Prosecutors note in a statement that both nursing homes say they have "strict policies" forbidding the use of cell phones by staffers and the creation of either still or video images of nursing home residents.
These three criminal cases highlight common security and privacy challenges.
"The insider threat is of great concern because they may have authorized access to a lot of confidential information," notes Tom Walsh, founder of security consulting firm tw-Security. That includes patients' protected health information, credit card data, financial records, as well as personally identifiable information of employees, including Social Security numbers, and bank accounts for direct deposits.
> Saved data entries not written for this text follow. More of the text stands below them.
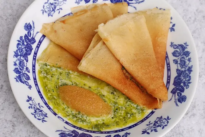 К Масленице шеф Элисо Гочава подготовила шесть блюд по грузинским мотивам. Среди начинок фигурируют белые грибы с трюфельно-сливочным соусом, томленая говядина с сулугуни и сливочно-перечным соусом, лосось с судаком под икорно-сливочным соусом, творог с джемом из айвы и ванильным мацони. В дополнение к грузинским версиям вам подадут дюжину (или полдюжины) свежеиспеченных блинов с различными топингами на выбор: сгущенкой, вареньем из винограда, медом, лососем и красной икрой.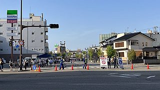 御祓川沿いの川渕通りは車両通行止め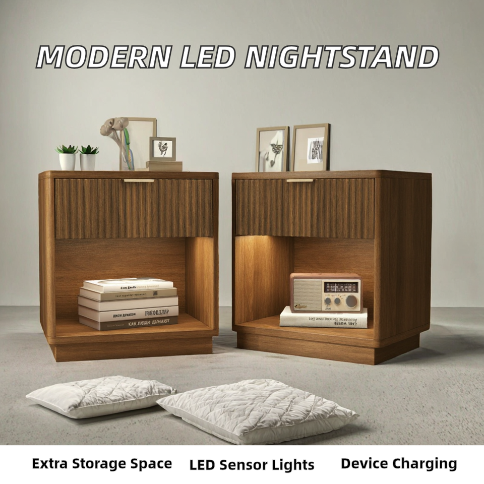 Table de chevet en bois intelligente avec lumière LED à capteur, port de charge USB, table de chevet cannelée, mobilier de chambre moderne

"The expression, 'the more time you spend in the hiring and screening process, the less time you'll spend on firing process,' seems relevant to the three news stories," Walsh says. "There is an addressable implementation specification within the HIPAA Security Rule - the 'workforce clearance procedure'. [However], the rule does not provide a lot of guidance on what the 'clearance' process may look like."
Many HR departments conduct one-time screenings of new hires and fail to take follow-up action, Walsh argues. "While a new employee's background may be good at the time they were hired, over time people change and that could influence behaviors," he says.
Mac McMillan, CEO of security consulting firm CynergisTek, notes: "What makes these incidents tough to detect is that you have insiders who know the rules/controls and how to skirt them."
Insiders incidents, such as the recent criminal cases in Texas and New York, also spotlight a number mistakes made by covered entities and even business associates that handle patient data, McMillan says.
Those include: inadequate prescreening of employees; deficient training; ineffective security controls; a lack of proactive monitoring or audits; and weak leadership from senior executives, McMillan says.
Insiders who commit crimes involving patient data often "count on organizations operating in an environment of apathy," he adds.
Privacy and security incidents involving the use of healthcare worker smartphones are particularly tricky to prevent and detect, Walsh says.
"Hospitals have had nursing policies on photography for a long time," he says. "Back when these policies were created, photo and video technology involved some type of camera that was easily identified as such. With the integration of the camera into mobile phones, it becomes less obvious when someone is taking a photo, recording a conversation or creating a video clip."
Requiring workers to "check their phones at the door" is a step most healthcare organizations aren't willing to take, Walsh adds.
Sometimes workers bypass security and privacy controls that are put place by covered entities, says Kerry McConnell, partner and principal consultant at tw-Security.
"Any authorized user/insider has been granted enough access/power to do their jobs, and if they decide to become greedy or have moral character flaws, even repeated vetting of employees will only reveal repeat offenders," McConnell says. "When one commits to doing bad things, the ability to carry out such acts is only limited by the fear of getting caught. Access to information that can be used for bad intent is made available by employers with the best of intentions."